Install once, import anywhere: the package a `run()` installs is visible to every later `run()` in the same session. The session venv is built `--system-site-packages` so it can read the owner interpreter's packages, but installs go into the session venv only; the task's own Python is never mutated. The venv is `uv`-managed and ships no `pip`, so use `uv pip install` (not bare `pip`).
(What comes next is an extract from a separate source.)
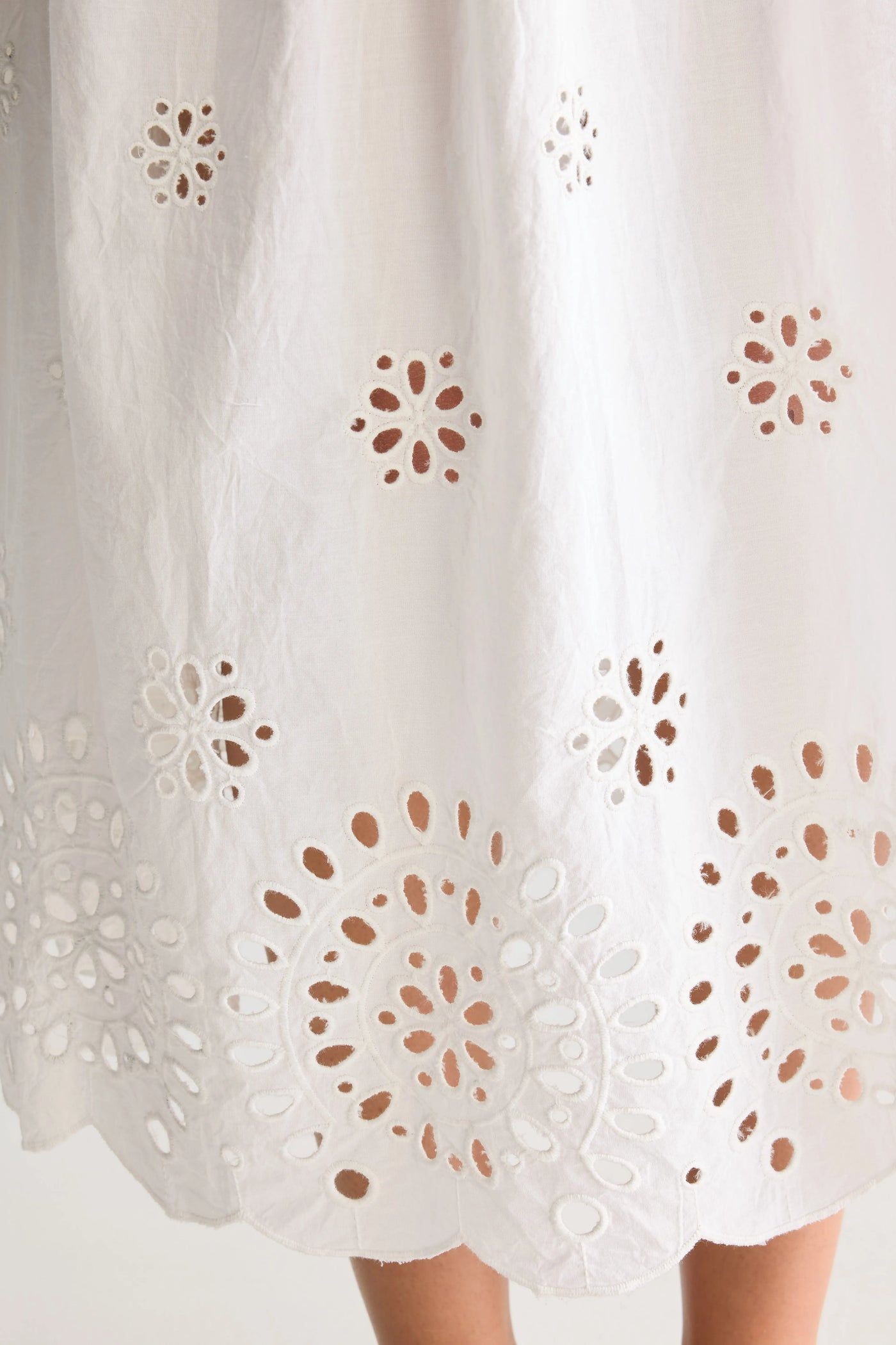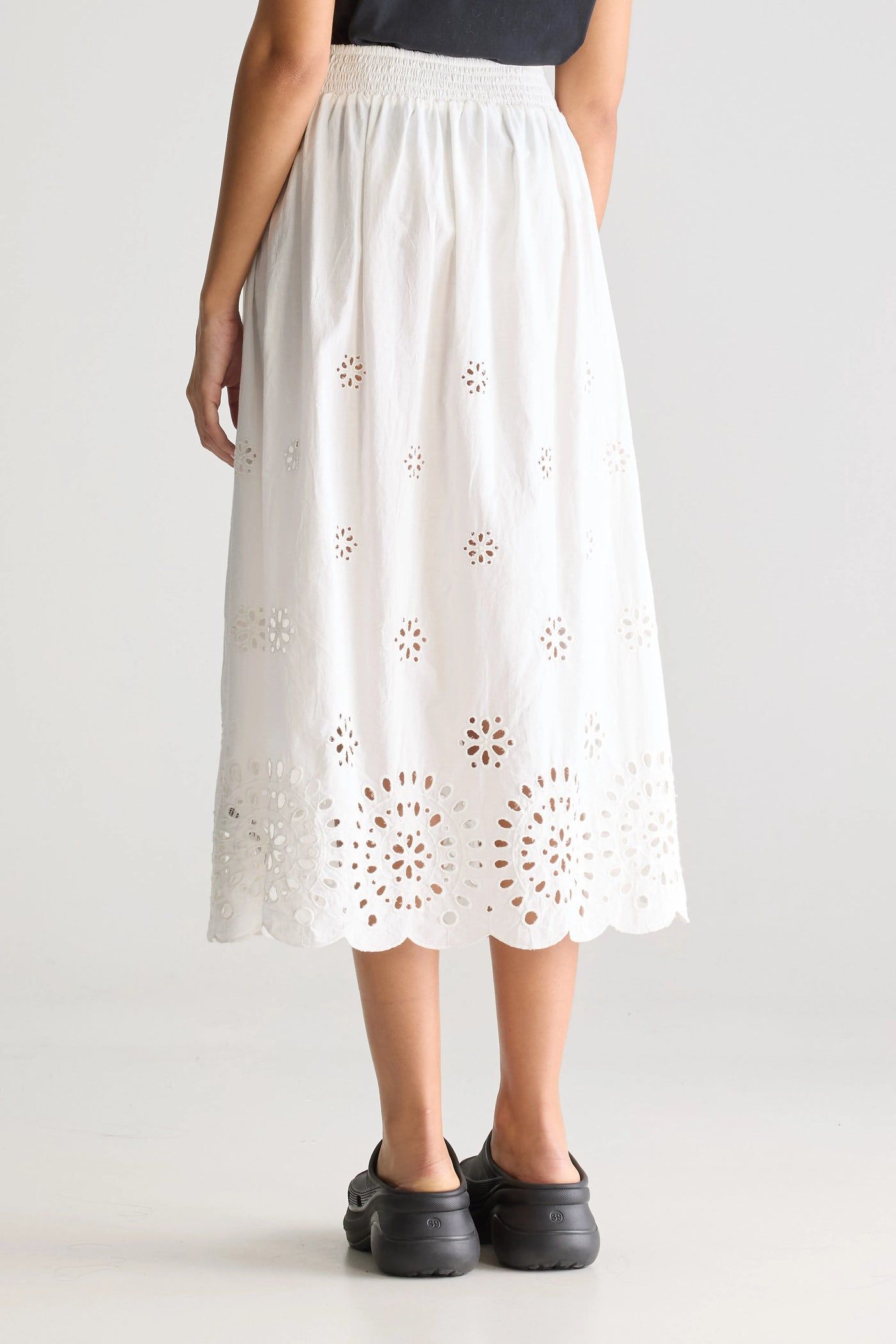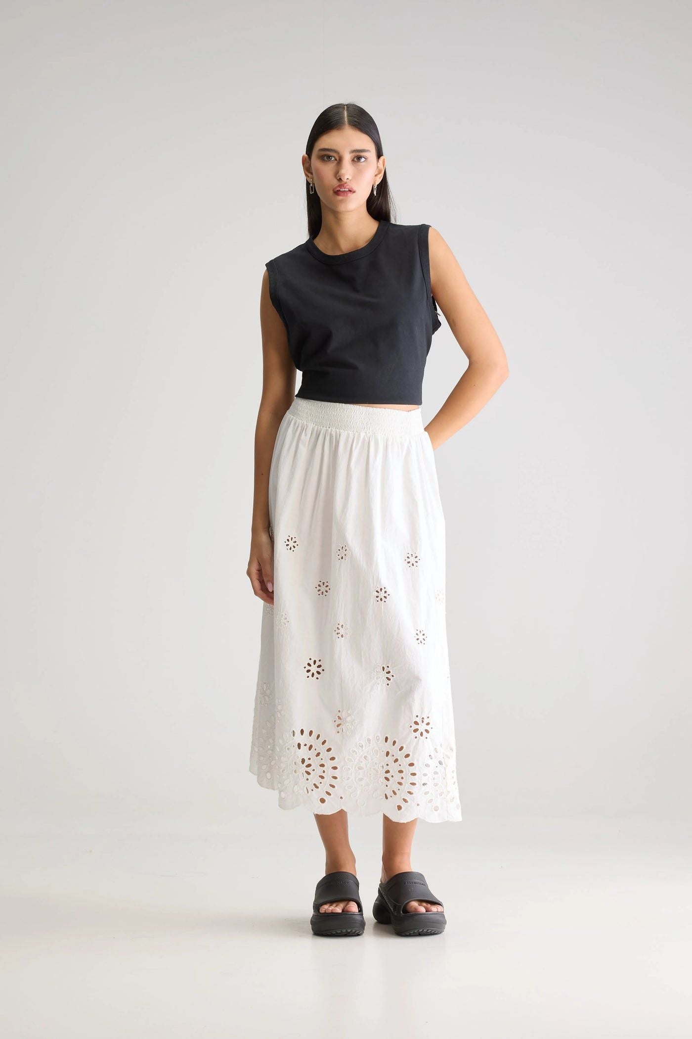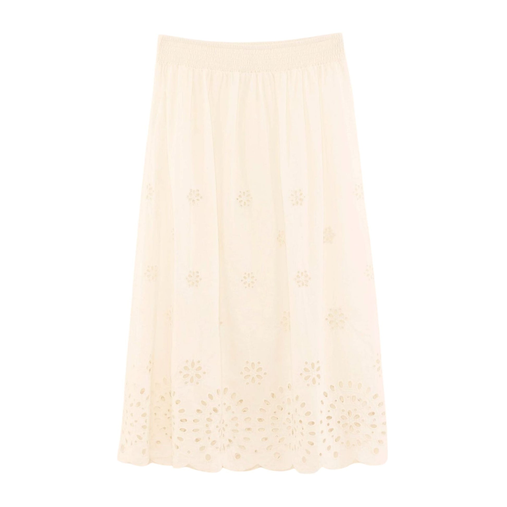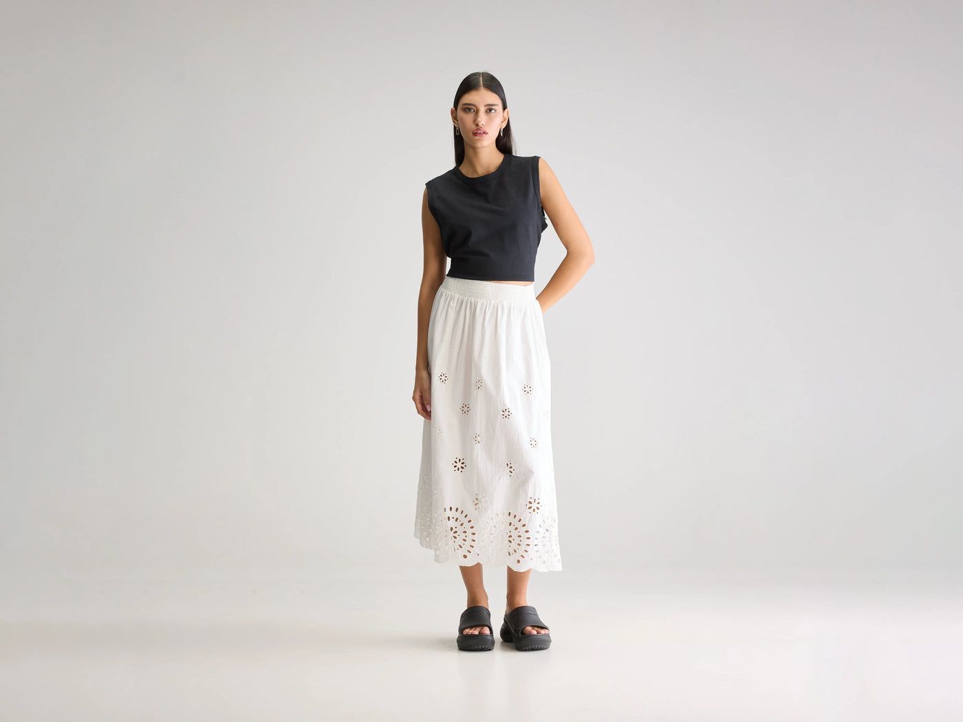 Tra questi capi spicca una gonna bianca in cotone, che incarna l'impegno del marchio verso la qualità e il design raffinato, offrendo un'opzione versatile e chic per diverse occasioni.

> [!NOTE] Only the work dir and the session venv persist
> Files written under the session work dir, and packages installed into the shared session venv, survive across `run()` calls. The writable scratch mounts (`/tmp`, `/dev/shm`) are a fresh tmpfs on every `run()`, so anything written to bare `/tmp` does not carry over; the rest of the filesystem is read-only. Note the default work dir lives at `/tmp/sandbox-work`. That's a separate persistent mount, distinct from the per-run `/tmp` scratch. See [Filesystem](https://www.union.ai/docs/v2/union/user-guide/sandboxing/interactive-sandboxes/running-commands/filesystem).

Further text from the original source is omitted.